En este contexto, los problemas reales de Japón se sobredimensionan hasta el esperpento, mientras se da a entender que en Occidente esos mismos problemas son casi inexistentes. El ABC de la sociología cultural consiste en reconocer la diferencia entre lo que se visibiliza en un país y lo que realmente ocurre. En España, por ejemplo, apenas se habla del suicidio. Y no porque no sea un problema real, sino por dinámicas que lo silencian. Muchos creen, en cambio, que Japón es el país con más suicidios del mundo. Pero en Japón el suicidio se hiper-visibiliza, mientras que en España se tiende a ignorarlo.
Podemos asegurar, con datos en la mano, que los problemas creados en Japón por la delincuencia, las drogas o la desestructuración familiar son microscópicos en comparación con la mayoría de países. Japón ocupa desde hace décadas el primer puesto en los rankings internacionales de esperanza de vida, así como en los de menor tasa de homicidios y atracos violentos. Si lo comparamos con España, Japón tiene una distribución de ingresos más igualitaria, así como una de las brechas en resultados escolares entre barrios ricos y pobres más bajas de la OCDE. Basta caminar por cualquier ciudad japonesa para percibir su seguridad, limpieza y civismo.
El alto nivel de calidad de vida en Japón hace que sus aspectos negativos resalten más para el observador externo. Esto lleva a algunos a pensar que las características admirables del país deben esconder algún mecanismo autoritario. Sin embargo, los datos indican lo contrario: Madrid, por ejemplo, tiene una densidad de cámaras de videovigilancia por habitante muy superior a la de Tokio; Japón presenta la población penal más baja entre los países industrializados; y los turistas japoneses destacan sistemáticamente por su comportamiento cívico. Todo ello en un país con amplias libertades civiles.

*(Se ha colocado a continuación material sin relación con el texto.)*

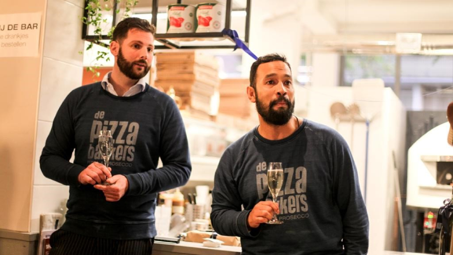 Drie weken geleden openden de boezemvrienden Rag Ririn (38) en Roy Geneugelijk (37) hun eigen vestiging van De Pizzabakkers in de wijk Schiebroek in Rotterdam. Rag was leraar op een basisschool en Roy was jarenlang Les Clef’s do’r Hotel Conciërge / gastheer van het chique Hotel l’Europe in Amsterdam.
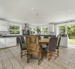 Kitchen/Dining Room - 6.05m x 5.87m (19'10 x 19'3) - Attractive white high gloss fitted kitchen with range of wall and base units with sleek chrome handles set under and over a granite worksurface with matching upstand. Metro tiled splashbacks. Fully skimmed walls. Skimmed ceiling with LED spotlighting. Features to include; integrated oven over fridge/freezer. Integrated wine cooler. Britannia range cooker and hob in a deep red palette with overhead chrome chimney extractor. Double inset sink with grooved drainer and chrome mixer tap. Plenty of space for washing machine and tumble dryer. Red brick pelmet chimney breast with inset Aga and warming tray. Plenty of space for dining table and chairs, Matching tiled flooring. UPVC half glazed pedestrian door leads out to side. UPVC double glazed patio doors open out onto side elevation. Range of UPVC double glazed sash windows.

Japón afronta problemas importantes, algo esperable en una sociedad altamente desarrollada. Aun así, está muy lejos de ser la distopía que a menudo retratan. Pese a sus dificultades, la sociedad japonesa sigue siendo admirable en numerosos aspectos. Creo firmemente que Japón es un país del que podemos aprender mucho. No teman a Japón. Si allí se han alcanzado niveles tan altos de civismo, seguridad y eficiencia, también nosotros podríamos lograrlos. Pero para ello debemos empezar por replantearnos algunos de los distorsionados mapas culturales que nos condicionan. ¡Empecemos hoy!